La start-up a par ailleurs participé en 2022 au programme d’accélération Passerelles porté par la Banque des Territoires et Makesense pour les edtechs à impact. Et elle figurait parmi les dix finalistes de l’édition 2023 des Global edtech start-up awards

L’entreprise de l’économie sociale et solidaire travaille avec les enseignants et les psychologues scolaires pour concevoir ses produits. « Nous fonctionnons dans une logique de laboratoire. Les enseignants intéressés s’inscrivent et testent nos nouvelles activités entre 15 jours et un mois avant de nous faire un retour », poursuit-elle. 

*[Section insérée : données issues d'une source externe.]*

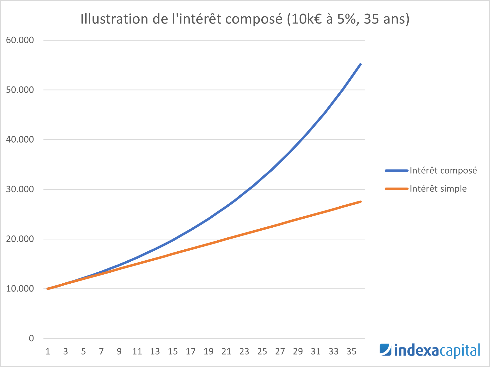 Croissance exponentielle : comme nous pouvons l'observer sur le graphique précédent, l'avantage des intérêts composés est de faire croître votre investissement exponentiellement plutôt que linéairement. 10 mille euros investis à 5% annuel avec réinvestissement des gains (avec les intérêts composés) permettent d'obtenir 55 mille euros après 35 ans si vous réinvestissez les gains (intérêts composés, exponentiel), le double des 27.500€ que vous obtiendriez sans réinvestir les gains (intérêts simple, linéaire).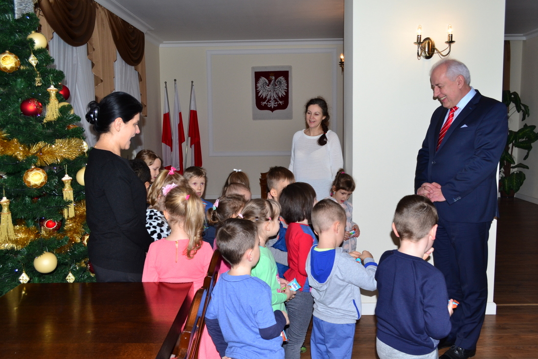 Grupa "Pszczółek" z Przedszkola Miejskiego w Broku, złożyła przedświąteczną wizytę Burmistrzowi Miasta i Gminy Brok Markowi Młyńskiemu.

Qui étaient les quatre autres finalistes de ce prix ?

Outre Iris Singer et Medhi Imouloudene, le jury a également reçu à l’oral quatre autres entrepreneurs finalistes :

Anne-Sophie Dulong, à l’origine de Babaoo, un jeu vidéo neuroéducatif destiné aux enfants de plus de sept ans. Le jeu leur permet de découvrir et entraîner des facultés de leur cerveau : l’attention, le contrôle inhibiteur, la mémoire de travail, la flexibilité et la planification.

Marianne Joly, la cofondatrice de Corneille, une plateforme éducative accompagnant les enfants de 3 à 8 ans dans l’apprentissage de la lecture grâce à des activités et des livres interactifs.

Minashe Selvam, qui a cofondé Cantoo, une plateforme spécialisée dans l’accompagnement des élèves souffrant de troubles dys grâce à l’IA notamment. 

• et Yann Regard, directeur des études de l’Institut régional du travail social des Hauts-de-France qui conçoit des immersions professionnelles virtuelles dans les métiers du social pour les jeunes et personnes en reconversion.